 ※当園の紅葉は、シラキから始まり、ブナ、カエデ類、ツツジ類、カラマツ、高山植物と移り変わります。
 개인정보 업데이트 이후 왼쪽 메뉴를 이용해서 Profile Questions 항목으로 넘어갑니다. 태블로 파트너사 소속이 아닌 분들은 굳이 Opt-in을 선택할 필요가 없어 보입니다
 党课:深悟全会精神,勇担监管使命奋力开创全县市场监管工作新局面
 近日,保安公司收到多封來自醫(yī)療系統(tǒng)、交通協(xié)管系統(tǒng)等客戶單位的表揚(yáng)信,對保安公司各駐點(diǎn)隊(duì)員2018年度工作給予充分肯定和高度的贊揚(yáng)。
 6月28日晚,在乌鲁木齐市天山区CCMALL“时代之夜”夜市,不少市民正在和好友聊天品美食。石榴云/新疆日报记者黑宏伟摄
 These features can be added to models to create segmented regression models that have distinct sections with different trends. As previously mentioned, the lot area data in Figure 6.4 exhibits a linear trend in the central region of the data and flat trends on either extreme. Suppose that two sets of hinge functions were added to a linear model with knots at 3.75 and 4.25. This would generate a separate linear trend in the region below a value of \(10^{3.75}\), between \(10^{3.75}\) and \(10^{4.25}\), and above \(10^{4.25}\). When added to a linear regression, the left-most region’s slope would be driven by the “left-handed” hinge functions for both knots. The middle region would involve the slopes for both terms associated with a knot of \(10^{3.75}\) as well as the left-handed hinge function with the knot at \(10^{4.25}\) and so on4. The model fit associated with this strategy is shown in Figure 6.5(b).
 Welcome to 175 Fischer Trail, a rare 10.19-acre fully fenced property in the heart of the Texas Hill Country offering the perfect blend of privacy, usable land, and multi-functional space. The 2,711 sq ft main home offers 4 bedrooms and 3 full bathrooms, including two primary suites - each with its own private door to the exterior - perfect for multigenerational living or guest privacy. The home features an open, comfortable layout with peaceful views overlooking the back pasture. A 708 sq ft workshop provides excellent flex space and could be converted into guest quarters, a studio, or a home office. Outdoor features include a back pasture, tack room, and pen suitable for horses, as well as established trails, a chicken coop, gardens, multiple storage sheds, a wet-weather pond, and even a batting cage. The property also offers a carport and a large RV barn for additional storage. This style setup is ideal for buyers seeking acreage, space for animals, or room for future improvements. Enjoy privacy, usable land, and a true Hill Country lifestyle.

■ ■ ■ ■ ■ ■ ■

▸ THE PROBLEM:
The answer is every entry, repeated word for word.

▸ ANSWER BOX:
 ※当園の紅葉は、シラキから始まり、ブナ、カエデ類、ツツジ類、カラマツ、高山植物と移り変わります。
 개인정보 업데이트 이후 왼쪽 메뉴를 이용해서 Profile Questions 항목으로 넘어갑니다. 태블로 파트너사 소속이 아닌 분들은 굳이 Opt-in을 선택할 필요가 없어 보입니다
 党课:深悟全会精神,勇担监管使命奋力开创全县市场监管工作新局面
 近日,保安公司收到多封來自醫(yī)療系統(tǒng)、交通協(xié)管系統(tǒng)等客戶單位的表揚(yáng)信,對保安公司各駐點(diǎn)隊(duì)員2018年度工作給予充分肯定和高度的贊揚(yáng)。
 6月28日晚,在乌鲁木齐市天山区CCMALL“时代之夜”夜市,不少市民正在和好友聊天品美食。石榴云/新疆日报记者黑宏伟摄
 These features can be added to models to create segmented regression models that have distinct sections with different trends. As previously mentioned, the lot area data in Figure 6.4 exhibits a linear trend in the central region of the data and flat trends on either extreme. Suppose that two sets of hinge functions were added to a linear model with knots at 3.75 and 4.25. This would generate a separate linear trend in the region below a value of \(10^{3.75}\), between \(10^{3.75}\) and \(10^{4.25}\), and above \(10^{4.25}\). When added to a linear regression, the left-most region’s slope would be driven by the “left-handed” hinge functions for both knots. The middle region would involve the slopes for both terms associated with a knot of \(10^{3.75}\) as well as the left-handed hinge function with the knot at \(10^{4.25}\) and so on4. The model fit associated with this strategy is shown in Figure 6.5(b).
 Welcome to 175 Fischer Trail, a rare 10.19-acre fully fenced property in the heart of the Texas Hill Country offering the perfect blend of privacy, usable land, and multi-functional space. The 2,711 sq ft main home offers 4 bedrooms and 3 full bathrooms, including two primary suites - each with its own private door to the exterior - perfect for multigenerational living or guest privacy. The home features an open, comfortable layout with peaceful views overlooking the back pasture. A 708 sq ft workshop provides excellent flex space and could be converted into guest quarters, a studio, or a home office. Outdoor features include a back pasture, tack room, and pen suitable for horses, as well as established trails, a chicken coop, gardens, multiple storage sheds, a wet-weather pond, and even a batting cage. The property also offers a carport and a large RV barn for additional storage. This style setup is ideal for buyers seeking acreage, space for animals, or room for future improvements. Enjoy privacy, usable land, and a true Hill Country lifestyle.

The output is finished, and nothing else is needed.